Functional programming model Functional Programming
and supporting languages appeared very early as soon as the concept of Declarative Programming
appeared in the field of software programming in general. However, due to its heavy load of features borrowed from Mathematics, it is somewhat less friendly than Procedural Programming
in terms of accessibility to potential programmers who are not from academic environments. Therefore, programming languages based entirely on Functional Programming
are often less popular and almost unknown to the majority of programmers before 2010.
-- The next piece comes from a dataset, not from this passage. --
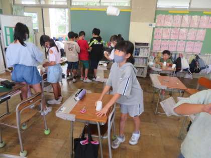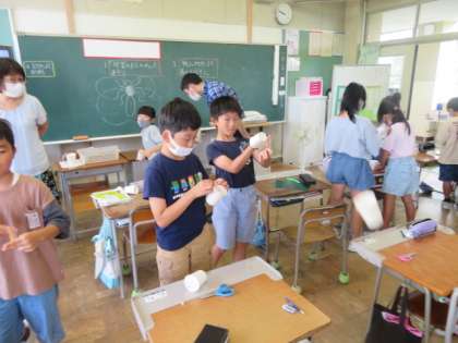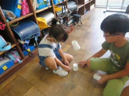 紙コップにゴムを引っかけ、勢いでどこまで跳ぶのか実験しました。跳ぶこつは、何だったでしょうか。

However, that does not mean that Functional Programming
is more difficult than Procedural Programming
, or requires users to have a strong Math background. And even with a friendly self-study guide, with a slight slight on borrowed concepts from Mathematics, anyone can begin to learn, use, and see the effect that their way of thinking. Functional Programming
provides.
Therefore, in the years after 2010, a series of popular programming languages such as JavaScript (ECMA 2015)
, Java 8 (Java 2014)
, etc. have brought in new updated versions of Functional
features to Help programmers write more concise, beautiful, and intuitive code. At the present time, perhaps no one is unaware Funtional Programming
and a few related coding techniques such as lambda
expressions, curry
parameters, …
Haskell Language
In the group of purely Functional
languages, there are two languages that are considered to represent two schools of using different syntax to express Functional
programming thinking, namely Haskell
and LISP
. Among them, Haskell
is said to have a more user-friendly syntax for programmers who are familiar with popular programming languages. The reason is because the syntax of LISP
is designed to be closer to the logic of computer reading, and here is an example of the function that calculates the value of the n
element in the Fibonaci
sequence being placed on the LISP
homepage:
1 2 3 4 5 6 | (defun fib (n) (if (< n 2) n (+ (fib (- n 1)) (fib (- n 2))))) |
We’ll soon be rewriting this fib
function ourselves using Haskell
‘s syntax, but first a short excerpt of the language’s history. Haskell
was first introduced in 1990, several years earlier than the Java
and JavaScript
brothers (1995). This pure Functional
language was designed by a team of programming engineers of nearly two dozen people and is named after the American mathematician and scientist Haskell Brooks Curry
. This Sir is very well known in the academic environment at home and in addition to Haskell
, the words Brooks
and Curry
are also used to name other programming languages, most of which are used in academic training and applications. industrial use.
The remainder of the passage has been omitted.